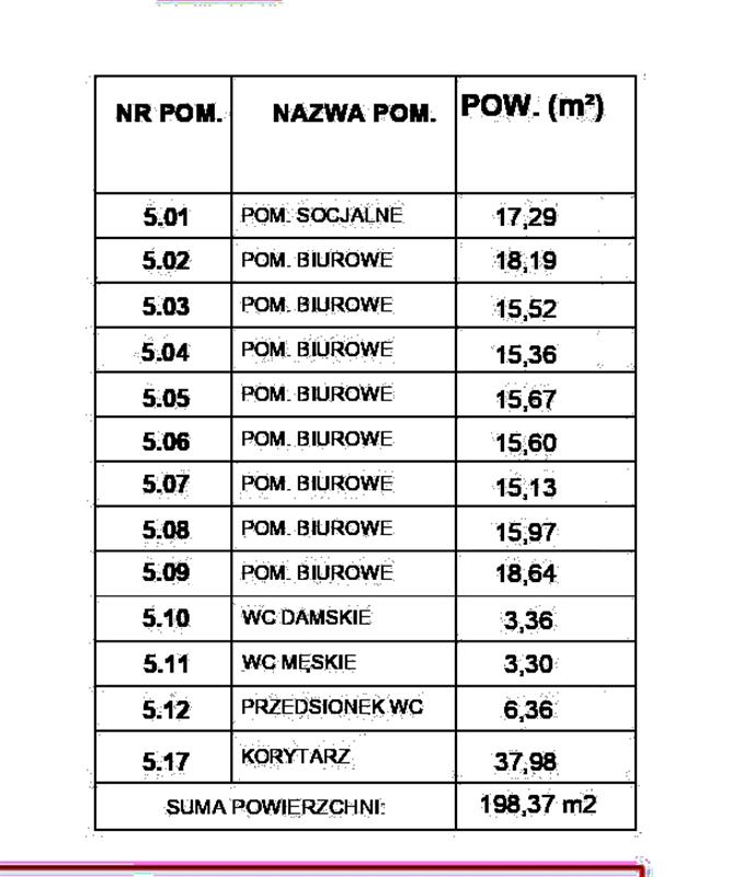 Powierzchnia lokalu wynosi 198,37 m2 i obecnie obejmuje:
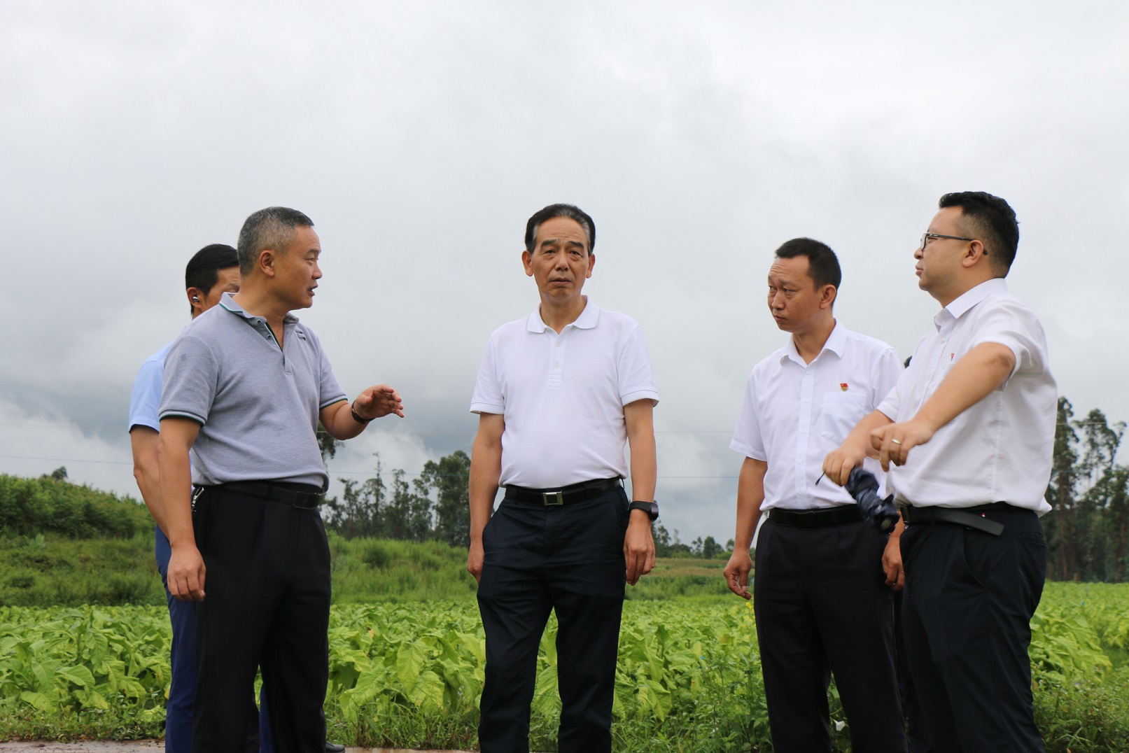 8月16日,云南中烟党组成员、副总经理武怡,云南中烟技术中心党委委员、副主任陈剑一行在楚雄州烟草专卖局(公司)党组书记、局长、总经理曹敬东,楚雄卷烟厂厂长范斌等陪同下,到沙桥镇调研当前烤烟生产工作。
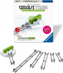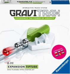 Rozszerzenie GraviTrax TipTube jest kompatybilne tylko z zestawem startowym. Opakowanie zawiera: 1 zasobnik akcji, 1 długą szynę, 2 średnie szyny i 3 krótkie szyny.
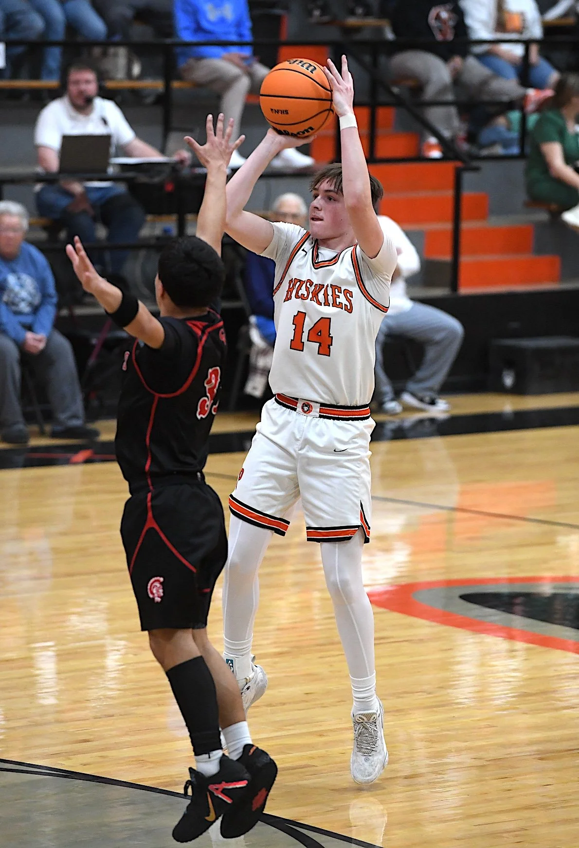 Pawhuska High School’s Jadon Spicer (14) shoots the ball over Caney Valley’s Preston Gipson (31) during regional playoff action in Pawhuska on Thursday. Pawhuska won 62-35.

--

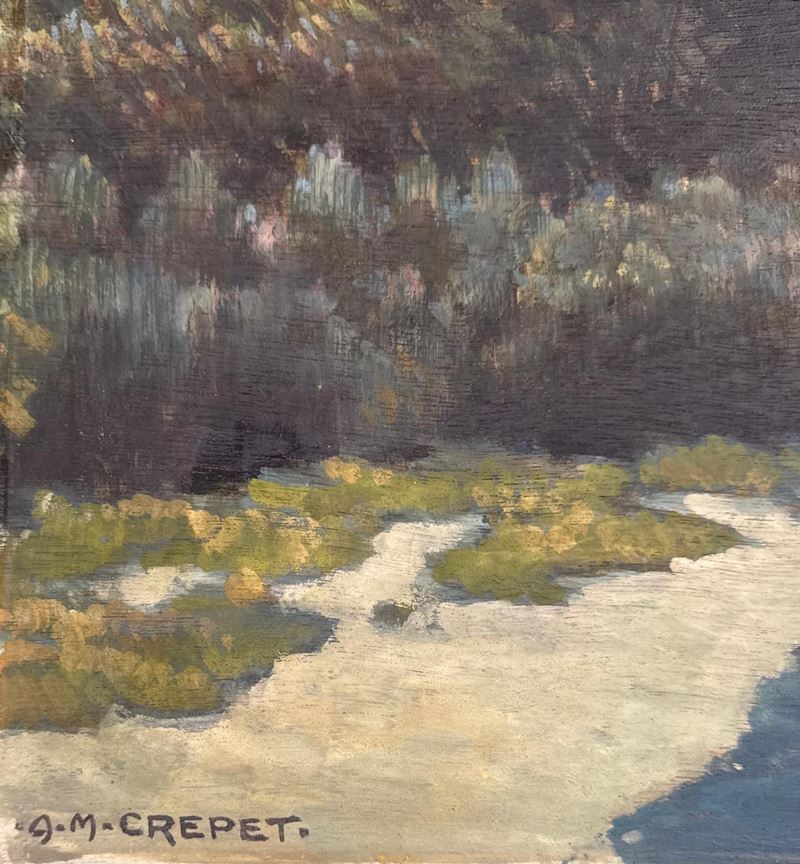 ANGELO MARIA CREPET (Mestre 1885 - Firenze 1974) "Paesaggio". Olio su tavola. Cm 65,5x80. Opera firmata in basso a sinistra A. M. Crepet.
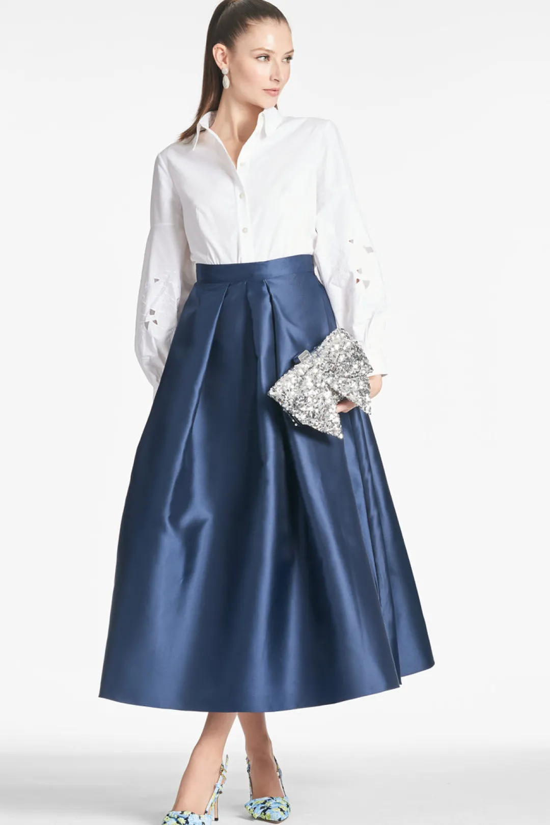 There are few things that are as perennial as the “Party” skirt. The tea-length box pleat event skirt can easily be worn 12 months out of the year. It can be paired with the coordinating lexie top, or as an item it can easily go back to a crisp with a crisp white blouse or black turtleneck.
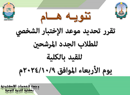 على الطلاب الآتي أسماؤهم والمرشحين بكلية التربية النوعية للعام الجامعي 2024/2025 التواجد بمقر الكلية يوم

• Task brief:
When you reach the line containing "8月16日,云南中烟党组成员" in the entries above, begin restating word for word, and stop once the line containing "Pawhuska High School’s" has been given. Omit the pictures.

• Response area:
 8月16日,云南中烟党组成员、副总经理武怡,云南中烟技术中心党委委员、副主任陈剑一行在楚雄州烟草专卖局(公司)党组书记、局长、总经理曹敬东,楚雄卷烟厂厂长范斌等陪同下,到沙桥镇调研当前烤烟生产工作。
 Rozszerzenie GraviTrax TipTube jest kompatybilne tylko z zestawem startowym. Opakowanie zawiera: 1 zasobnik akcji, 1 długą szynę, 2 średnie szyny i 3 krótkie szyny.
 Pawhuska High School’s Jadon Spicer (14) shoots the ball over Caney Valley’s Preston Gipson (31) during regional playoff action in Pawhuska on Thursday. Pawhuska won 62-35.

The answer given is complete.